> [Instructions for the task]:
Set the pictures aside and write down, exactly as they appear, the lines from the one containing "Left lateral view" through the end of the material.

····················

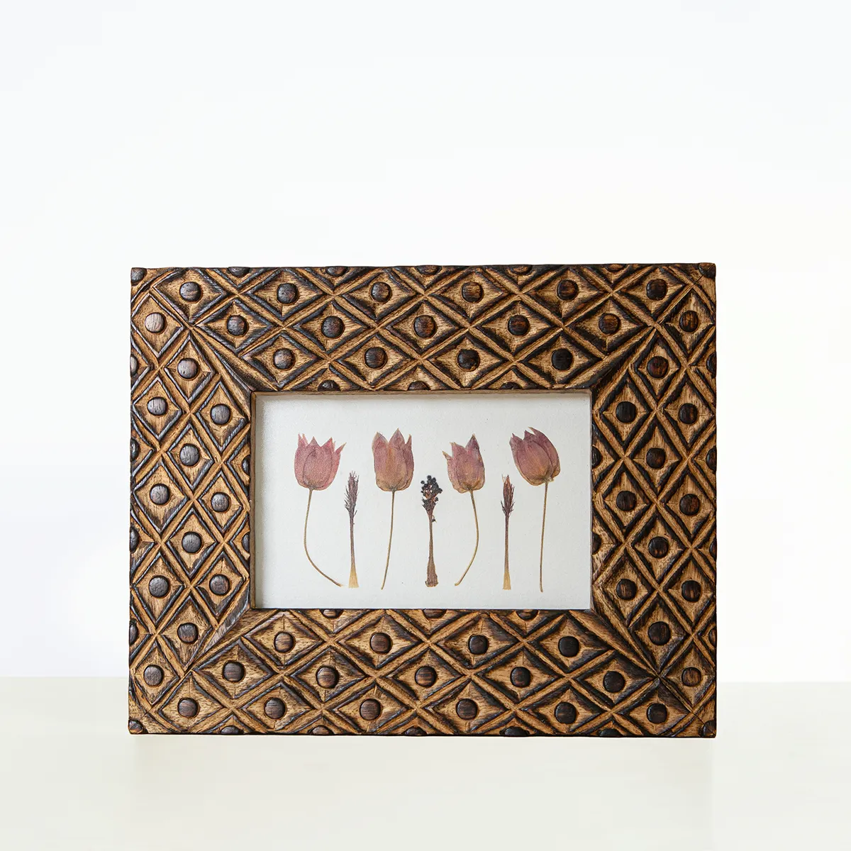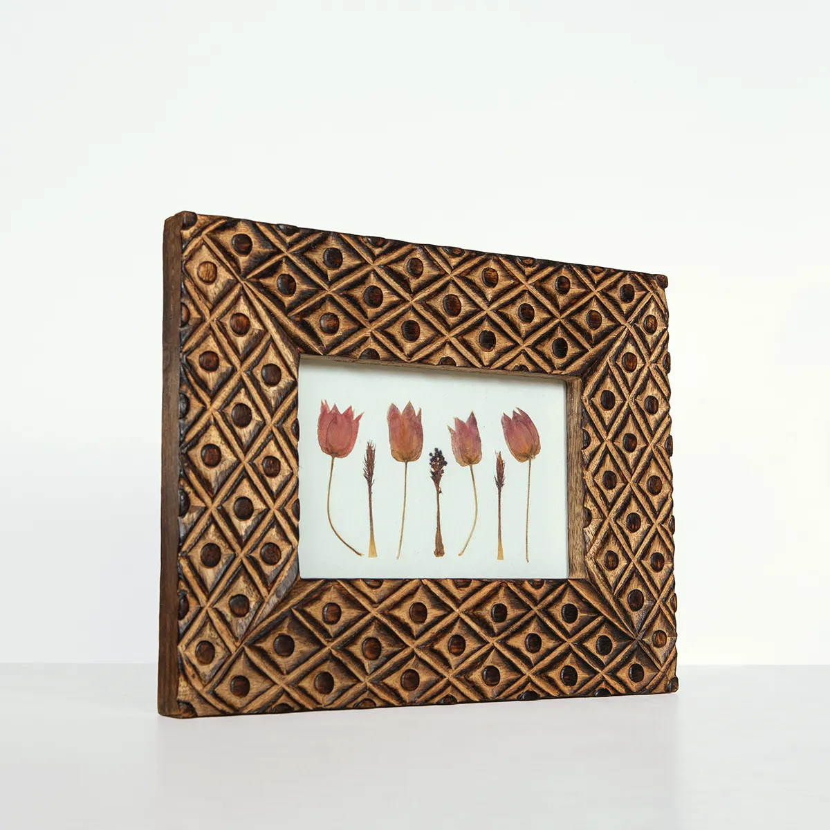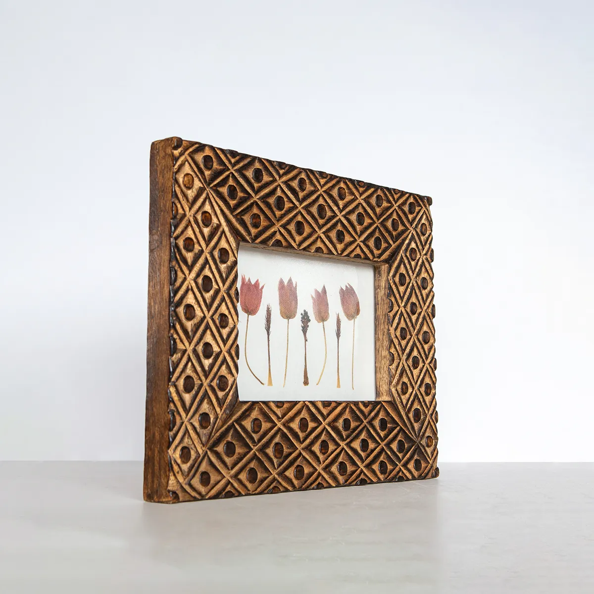 Flor prensada en marco de madera tallada (Pendientes de la reina)
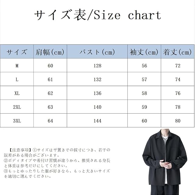 【3XL】適応胸囲の目安:100-106cm 身長の目安:178-190cm 体重:87-97kg
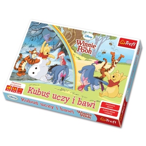 Kubuś uczy i bawi / - Gdynia: Trefl - 1 pudełko zawiera :Dwustronna gra planszowa, 2 karty z pytaniami, 24 żetony, 4 pionki tekturowe, 4 podstawki pod pionki, kostka , instrukcja. 27x39x5 cm.
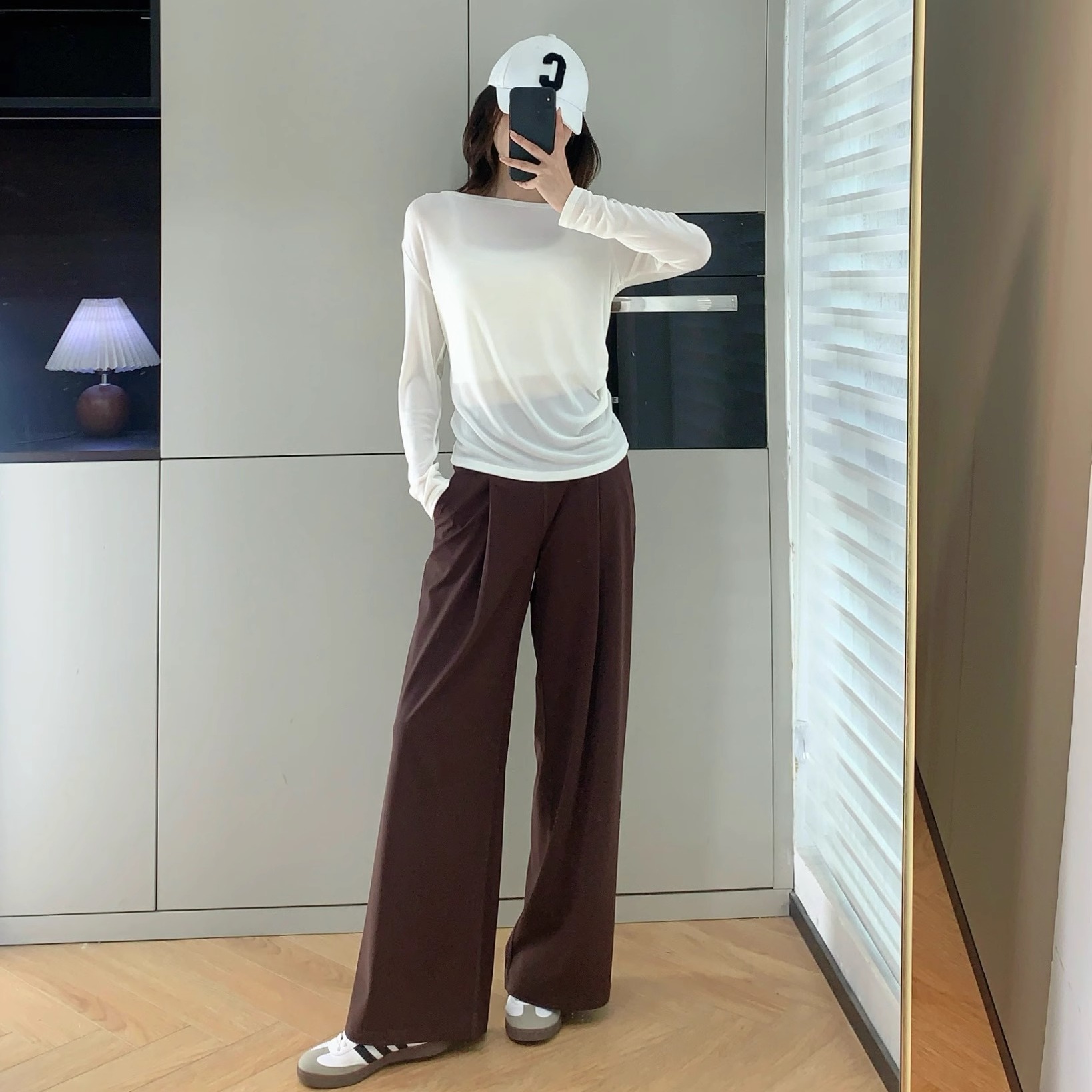 高級寬松bf慵懶垂感直筒加絨休閑闊腿褲 糯米褲 子女春秋季 2025新款
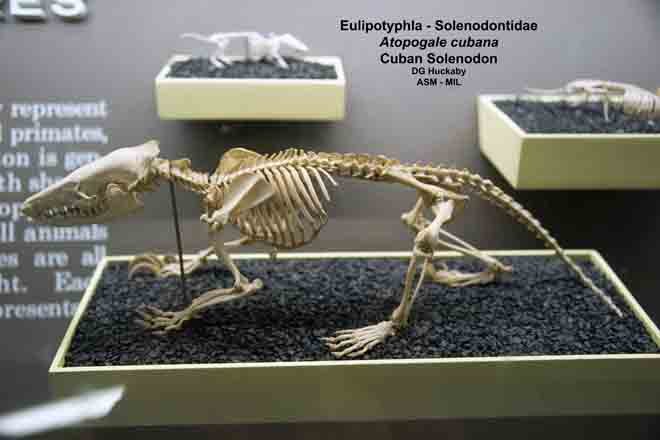 Left lateral view of skeleton. Formerly Soricomorpha. Formerly Solenodon cubanus.
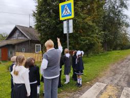Обучающиеся из отряда ЮИД провели пешеходную экскурсию. Профилактическое мероприятие "Дом-школа-дом" проходило на пешеходном переходе вблизи школы.

····················

> [Final answer]:
 Left lateral view of skeleton. Formerly Soricomorpha. Formerly Solenodon cubanus.
Обучающиеся из отряда ЮИД провели пешеходную экскурсию. Профилактическое мероприятие "Дом-школа-дом" проходило на пешеходном переходе вблизи школы.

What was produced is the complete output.